As we can see, there are two damages PROPDMG and CROPDMG. Since the damage costs are reported in two separate columns, a damage and damage exponent column, create a separate columns in the dataframe to assign the PROPDMGEXP and CROPDMGEXP to the correct value.
However, it does not account for the characters like “-”, “+” or “?” and the numbers like “1”, “2”, etc.
subset.storm$PROPDMG[subset.storm$PROPDMGEXP %in% "B"] <- subset.storm$PROPDMG[subset.storm$PROPDMGEXP %in% "B"] * 1000
subset.storm$PROPDMG[subset.storm$PROPDMGEXP %in% c("M", "m")] <- subset.storm$PROPDMG[subset.storm$PROPDMGEXP %in% c("M", "m")] * 1
subset.storm$PROPDMG[subset.storm$PROPDMGEXP %in% c("K")] <- subset.storm$PROPDMG[subset.storm$PROPDMGEXP %in% c("K")] * 0.001
subset.storm$PROPDMG[subset.storm$PROPDMGEXP %in% c("H", "h")] <- subset.storm$PROPDMG[subset.storm$PROPDMGEXP %in% c("H", "h")] * 1e-04
subset.storm$PROPDMG[!(subset.storm$PROPDMGEXP %in% c("B", "M", "m", "K", "H", "h"))] <- subset.storm$PROPDMG[!(subset.storm$PROPDMGEXP %in% c("B", "M", "m", "K", "H", "h"))] * 1e-06
subset.storm$CROPDMG[subset.storm$CROPDMGEXP %in% "B"] <- subset.storm$CROPDMG[subset.storm$CROPDMGEXP %in% "B"] * 1000
subset.storm$CROPDMG[subset.storm$CROPDMGEXP %in% c("M", "m")] <- subset.storm$CROPDMG[subset.storm$CROPDMGEXP %in% c("M", "m")] * 1
subset.storm$CROPDMG[subset.storm$CROPDMGEXP %in% c("K", "k")] <- subset.storm$CROPDMG[subset.storm$CROPDMGEXP %in% c("K", "k")] * 0.001
subset.storm$CROPDMG[!(subset.storm$CROPDMGEXP %in% c("B", "M", "m", "K", "k"))] <- subset.storm$CROPDMG[!(subset.storm$CROPDMGEXP %in% c("B", "M", "m", "K", "k"))] * 1e-06
Calculated the total damage by adding all property damages and crop damage for the events.

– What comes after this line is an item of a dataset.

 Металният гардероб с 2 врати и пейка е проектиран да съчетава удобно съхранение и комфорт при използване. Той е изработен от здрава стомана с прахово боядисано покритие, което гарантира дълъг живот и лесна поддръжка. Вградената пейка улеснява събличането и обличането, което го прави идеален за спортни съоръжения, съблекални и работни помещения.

Then, visualize the top five events.
EcoConsDmg <- subset.storm$PROPDMG + subset.storm$CROPDMG
EcoCons <- aggregate(EcoConsDmg ~ subset.storm$EVTYPE, FUN = sum)
PlotEcoCons <- EcoCons[order(EcoCons$EcoConsDmg, decreasing = T), ]

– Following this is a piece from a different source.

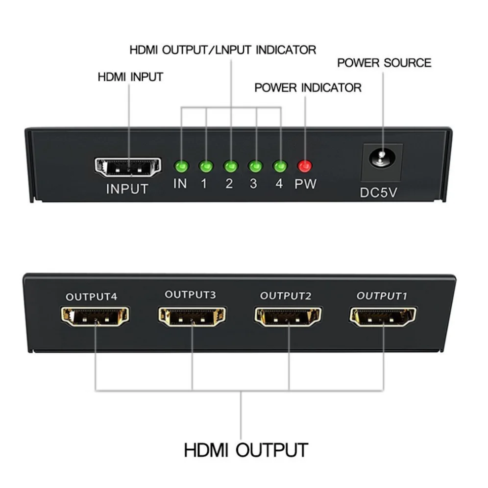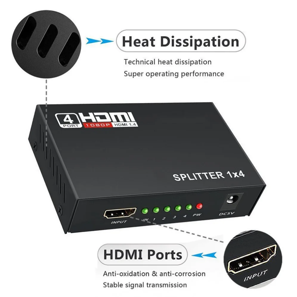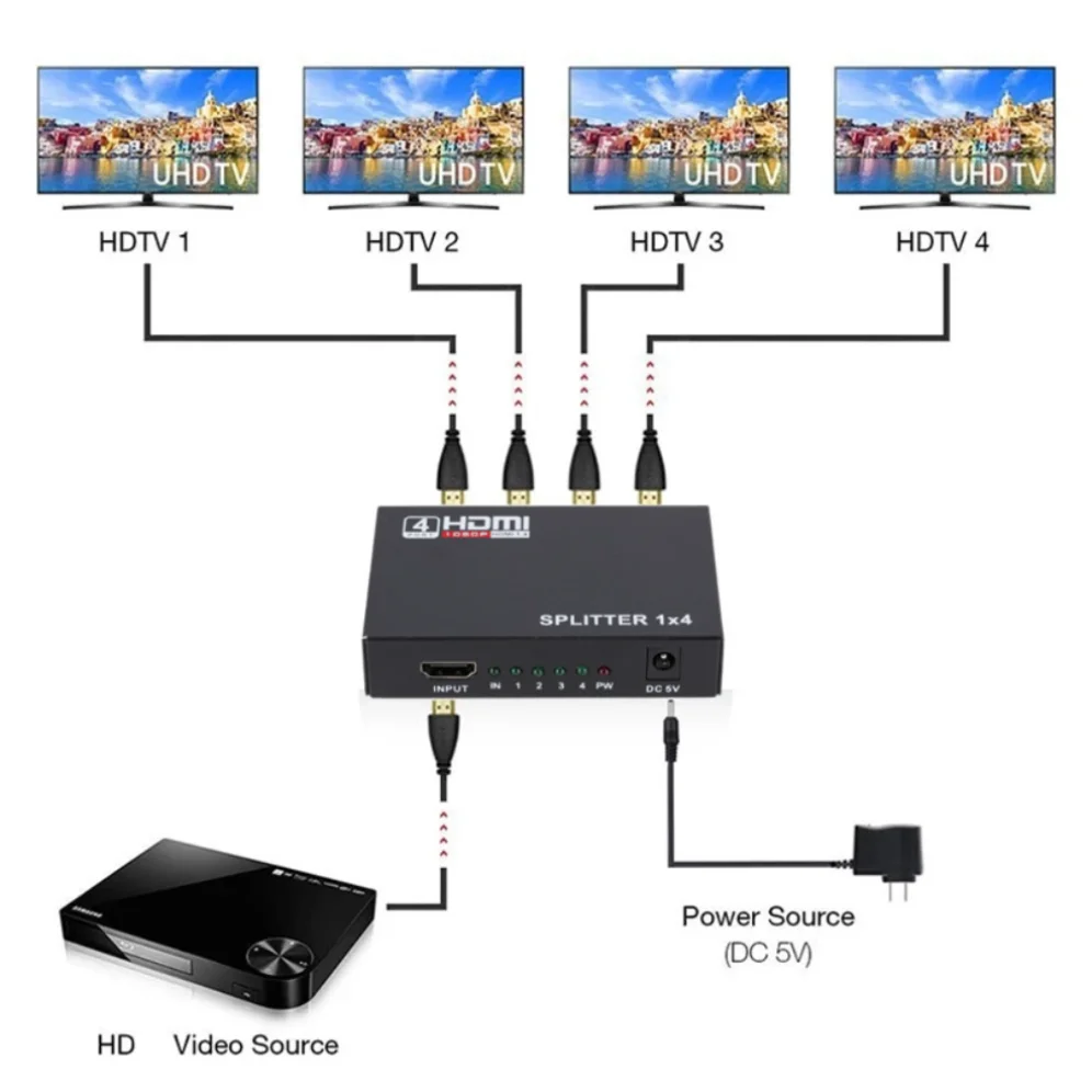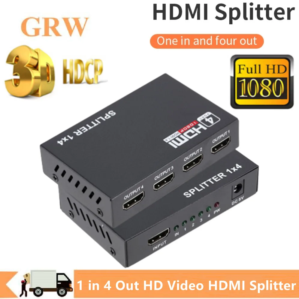 Comprar GRWIBEOU-divisor compatible con HDMI HDCP 1 en 4 salida amplificador de señal de potencia 3D 1080P 1x4 interruptor divisor de Audio adaptador convertidor HD

names(PlotEcoCons)[1] <- "EVTYPE"
ggplot(PlotEcoCons[1:5, ], aes(EVTYPE, EcoConsDmg)) + geom_bar(stat = "identity") + ylab("Economic Damages (million dollars)") +
xlab("Event") + ggtitle("Top Five Events Causing Economic Damages Across the U.S")
From the diagram shows that flood damage causes the highest damage.
The results show that, from year 1950 to November 2011, tornados are most harmful for population health and floods have the greatest economic losses.